Between DATE/DATETIME and VARCHAR for dates I would go with DATE/DATETIME everytime. But there is a overlooked third option. Storing it as a INTEGER unsigned!
I decided to go with INTEGER unsigned in my last project, and I am really satisfied with making that choice instead of storing it as a DATE/DATETIME. Because I was passing along dates between client and server it made the ideal type for me to use. Instead of having to store it as DATE and having to convert back every time I select, I just select it and use it however I want it. If you want to select the date as a "human-readable" date you can use the FROM_UNIXTIME() function.
Also a integer takes up 4 bytes while DATETIME takes up 8 bytes. Saving 50% storage.
The sorting problem that Berin proposes is also solved using integer as storage for dates.
I'd vote for using the date/datetime types, just for the sake of simplicity/consistency.

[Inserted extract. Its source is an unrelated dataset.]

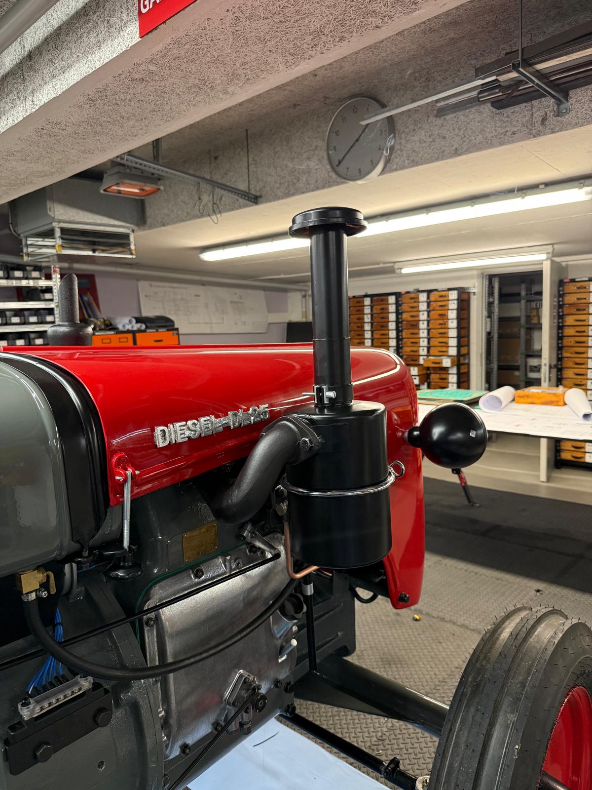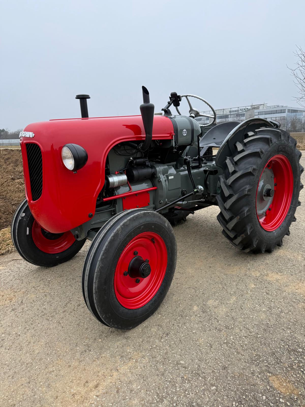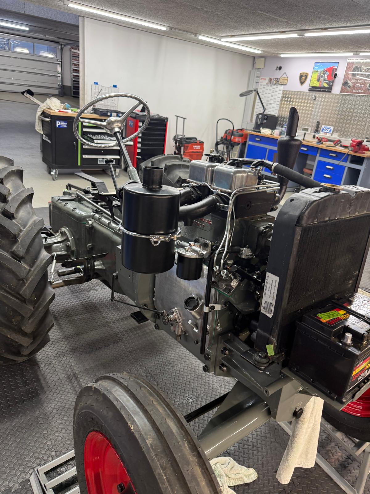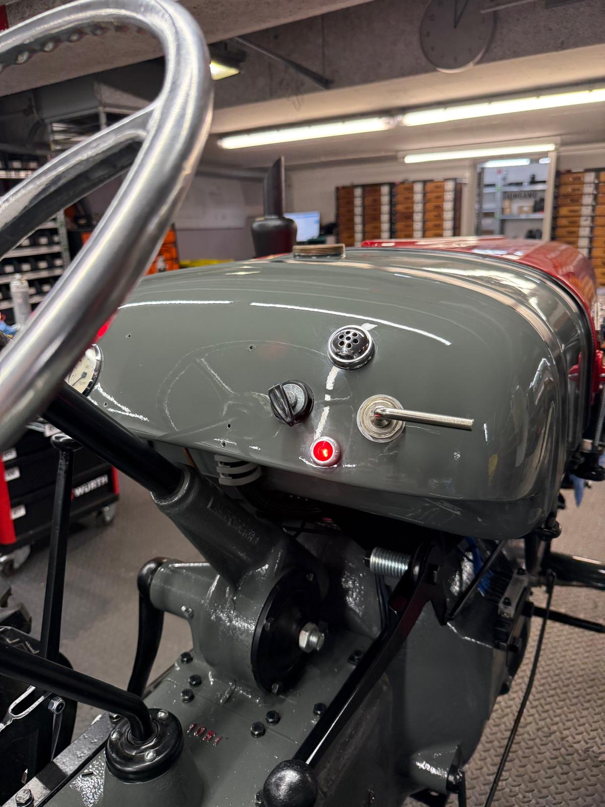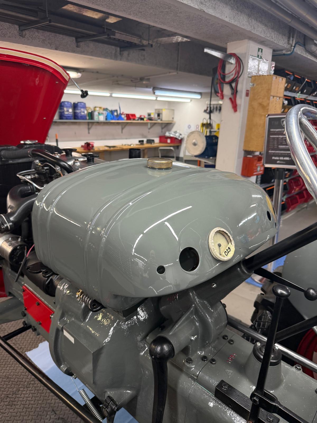 Lamborghini DL 25N (Baujahr 1955), ID 030. Ein kompakter, seltener N-Schmalspur aus der Frühphase – nun bei uns in der ID-gebundenen Vollrestauration. Fix definiert: Elektrik komplett neu, alle Dichtungen „Made in Austria“, Felgen in Hochglanz-Pulverbeschichtung, Original-Traktormeter in Originalausführung nachproduziert. Status: verkauft – in Restaurierung (Beginn 06.02.2025).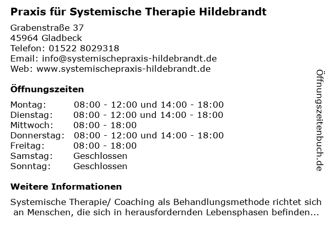Branchen & Suchbegriffe zu Praxis für Systemische Therapie Hildebrandt:eheberatung, hildebrandt, praxis, psychologische beratung, psychotherapie, systemische, therapie |

If you do store it as a character string, store it in ISO 8601 format:
http://www.iso.org/iso/date_and_time_format
http://xml.coverpages.org/ISO-FDIS-8601.pdf
http://www.cl.cam.ac.uk/~mgk25/iso-time.html
Among other things, ISO 8601 date/time string (A) collate properly, (B) are human readable, (C) are locale-indepedent, and (D) are readily convertable to other formats. To crib from the ISO blurb, ISO 8601 strings offer
representations for the following:
Date
Time of the day
Coordinated universal time (UTC)
Local time with offset to UTC
Date and time
Time intervals
Recurring time intervals
Representations can be in one of two formats: a basic format
that has a minimal number of characters and an extended format
that adds characters to enhance human readability. For example,
the third of January 2003 can be represented as either 20030103
or 2003-01-03.
[and]
offer the following advantages over many of the locally used
representations:
Easily readable and writeable by systems
Easily comparable and sortable
Language independent
Larger units are written in front of smaller units
For most representations the notation is short and of constant length
One last thing: If all you need to do is store a date, then storing it in the ISO 8601 short form YYYYMMDD in a char(8) column takes no more storage than a datetime value (and you don't need to worry about the 3 millisecond gap between the last tick of the one day and the first tick of the next. But that's a matter for another discussion. If you break it up into 3 columns — YYYY char(4), MM char(2), DD char(2) you'll use up the same amount of storage, and get more options for indexing. Even better, store the fields as a short for yyyy (4 bytes), and a tinyint for each of MM and DD — now you're down to 6 bytes for the date. The drawback, of course, to decomposing the date components into their constituent parts is that conversion to proper date/time data types is complicated.